= Gabriel Segal (philosopher) =

Academic philosopher

Professor Gabriel Segal is an academic philosopher, cognitive scientist and an author.

== Background and education ==

Gabriel Mark Aurel Segal was born in the United Kingdom in 1959, and is the son of psychoanalyst Hanna Segal and brother of mathematician Dan Segal.

Segal was educated at University College London, where he received a BA in Philosophy with First Class Honours in 1981. Later he studied for his B. Phil. at the University of Oxford graduating in 1983 with an overall distinction, and winning the John Locke Prize in Mental Philosophy.

Finally, Segal received his PhD in Philosophy from MIT in 1987, supervised by Ned Block and Noam Chomsky.

== Academic career ==

Segal's first teaching appointment was at the University of Wisconsin-Madison, after which he accepted a lectureship at King's in 1989.

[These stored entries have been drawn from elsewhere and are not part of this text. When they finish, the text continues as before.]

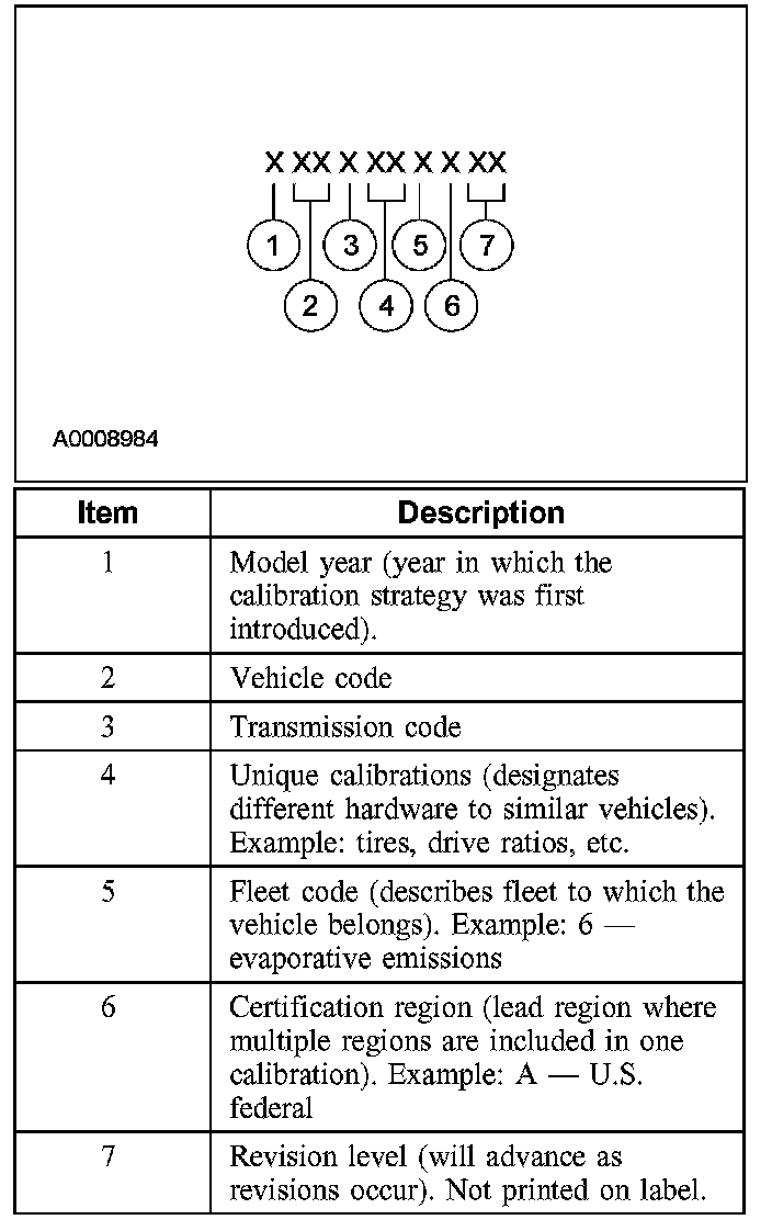 NOTE: Powertrain calibration information is limited to a maximum of 5 characters per line on the vehicle certification (VC) label. Because of this, calibration identification consisting of more than 5 characters will wrap to the second line on the VC label.
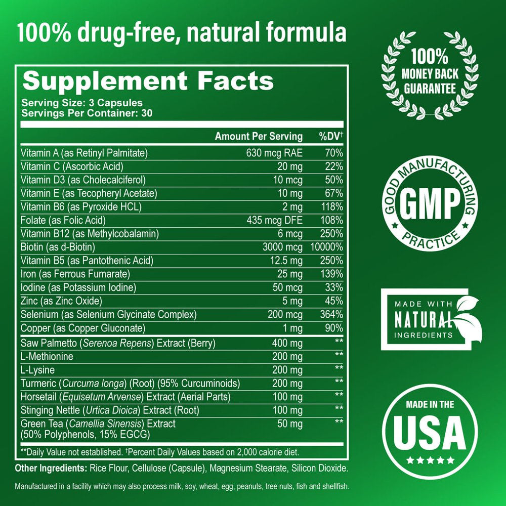 • SCIENCE DRIVEN FORMULATION: Saw palmetto, nettle, horsetail, turmeric, green tea, l-methionine, l-lysine & biotin. With vitamins, minerals & micronutrients to address nutritional deficiencies.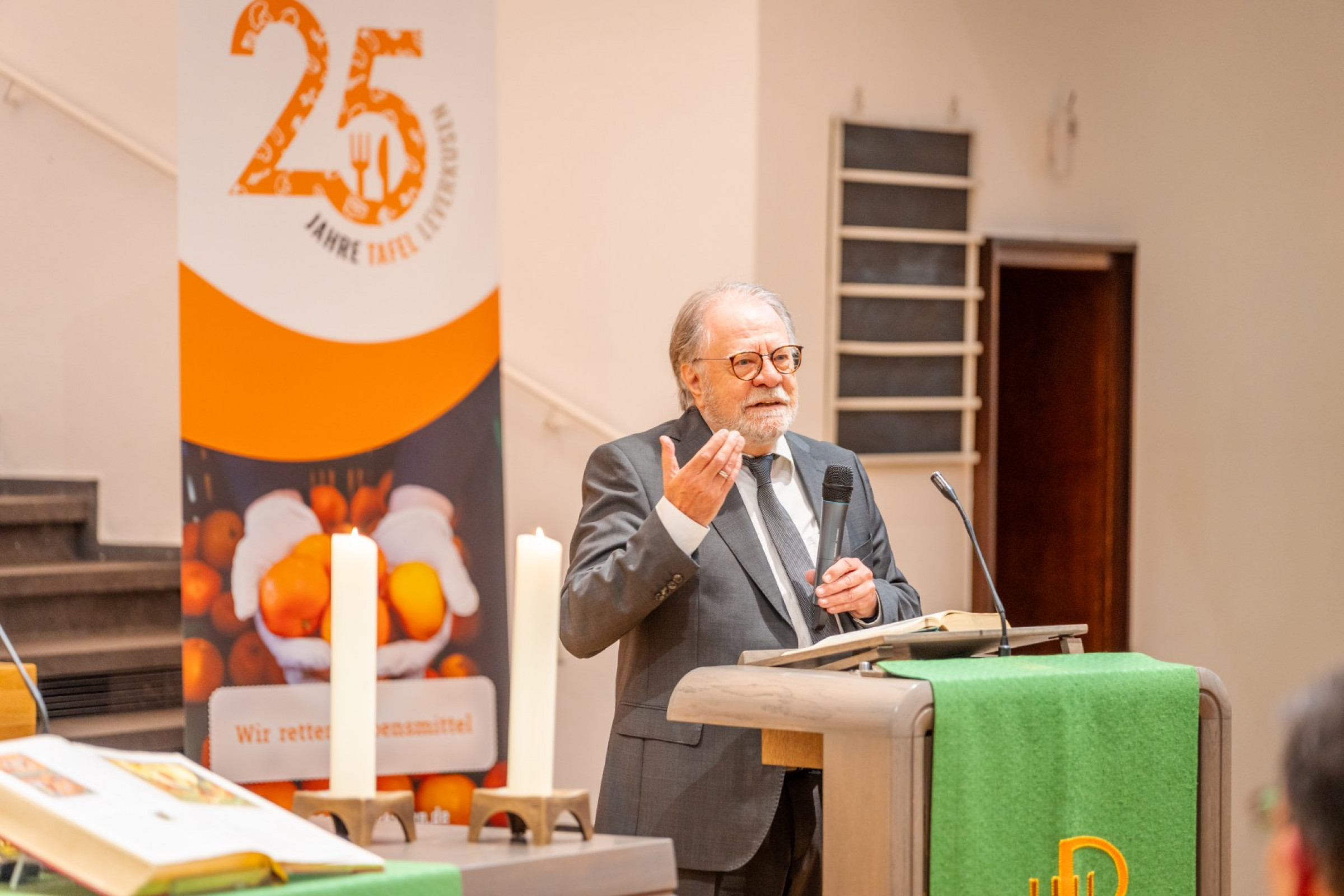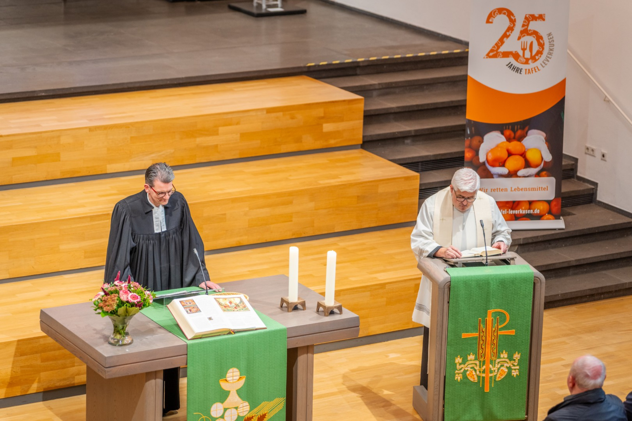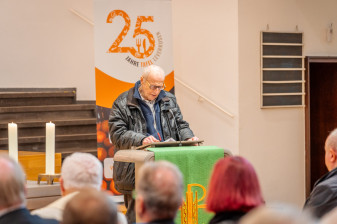 Dieses Engagement haben wir am 11. Oktober in einer ökumenischen Feierstunde zum Jubiläum gewürdigt – gemeinsam mit unseren Unterstützern, Förderern und Partnern aus Politik, Wirtschaft und Gesellschaft. In der Christuskirche in Wiesdorf kamen viele Gäste zusammen und lauschten dem Grußwort von Dr. Adolf Staffe (1. Vorsitzender), den Laudationes vom evangelischen Pfarrer und Hausherrn Dr. Detlev Prößdorf, vom katholischen Pfarrer Stadtdechant Monsignore (Msrg.) Heinz-Peter Teller sowie des künftigen Oberbürgermeisters der Stadt Leverkusen, Stefan Hebbel. Ebenfalls anwesend war sein Vater, Paul Hebbel, der zur Zeit der Gründung als amtierender Oberbürgermeister unser erster Schirmherr war.

Segal has been lecturer, reader and professor of philosophy King's College London. He served as Head of Department and has been named Professor Emeritus.

== Publications ==

Segal has published extensively on cognitive science, philosophy of mind and psychology, and philosophy of language and linguistics. His work has appeared in academic journals, reviews, books and as individual papers

He co-authored Knowledge of Meaning: An Introduction to Semantic Theory with Richard Larson in 1995 (ISBN 978-0262621007). Segal also authored A Slim Book about Narrow Content, which was published in 2000 (ISBN 978-0262692304) and Twelve Steps To Psychological Good Health and Serenity – A Guide, published in 2013 (ISBN 978-1781488461) with a second edition released in 2017 (ISBN 978-1786238795). In the latter, Segal makes AA's traditional twelve-step program accessible to non-addicts as a psycho-behavioural tool for stress management and peace of mind.

In September 2016, Segal co-edited Addiction and Choice: Rethinking the Relationship (ISBN 978-0198727224) with Nick Heather. The book was listed as "Highly Commended" in the category of Public Health at the BMA Book Awards 2017. Published by Oxford University Press, the 25-chapter book provides a multidisciplinary perspective on the relationship between addiction and choice from various fields, including philosophy, neuroscience, psychiatry, psychology and the law. Segal's chapters include "20: How an Addict's Power of Choice is Lost and can be Regained" in which he offers a neuro-scientific defence of Twelve-step programs and "24: Ambiguous terms and false dichotomies" in which he defends the disease model of addiction.

Segal appears as a regular panellist on the internet project AskPhilosophers, a question-and-answer website about philosophical issues. In one instance, a reader posed the question to the project: "Are there arguments against gay marriage that are not religious, bigoted or both?" Segal replied: "There are no good arguments meeting that description".